Conclusion: the EEG spindle as an emergent macroscopic event
The main message of the paper is that the familiar synchronous EEG spindle may emerge from a more local and asynchronous MEG-visible process. MEG gradiometers often detect focal spindle activity that does not appear in referential EEG. When EEG spindles do appear, they are usually accompanied by MEG activity, and that MEG activity begins earlier and ends later. The transition from MEG-only to MEG+EEG spindles is associated not primarily with a large increase in MEG amplitude or coherence, but with recruitment of more MEG channels and a shift toward frontocentral regions.

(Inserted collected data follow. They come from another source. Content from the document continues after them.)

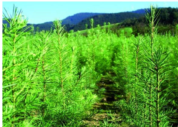
Abbildung 3: Stufige Douglasienpflanzen durch weite Reihenabstände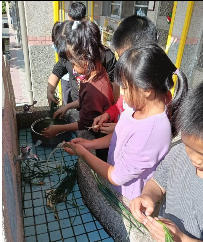
學生學習如何清除泥土與挑去青蔥的敗壞葉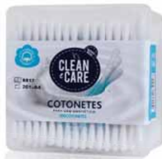
Cotonetes Swabs Écouvillons Bastoncillos

100 un Un. p/Cx: 6x12 Cód.: 5600441651080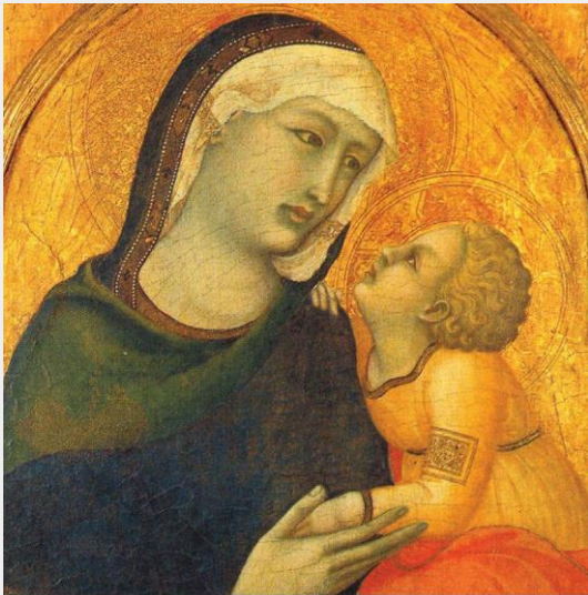
Pietro Lorenzetti, Madonna col Bambino, 1310-1320 PIENZA - Palazzo Borgia - Museo Diocesano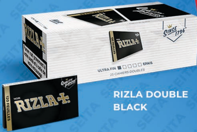
RIZLA DOUBLE BLACK

This leads to a revised view of spindle generation. Rather than a single monolithic synchronous generator, the spindle-generating system may consist of local thalamocortical domains that can remain focal or recruit broader networks. MEG is sensitive to the focal components. EEG is sensitive to the distributed coherent state that sometimes emerges from them.
In this view, the EEG spindle is not the beginning of the event. It is the macroscopic expression of a process already underway.
That distinction matters. It changes how we interpret scalp synchrony, how we model thalamocortical oscillations, and how we think about the relationship between local circuit dynamics and global brain states during sleep. It also illustrates a general principle for neurophysiology: what we observe as a coherent brain rhythm is always the result of both neural dynamics and measurement physics. Understanding one without the other is incomplete.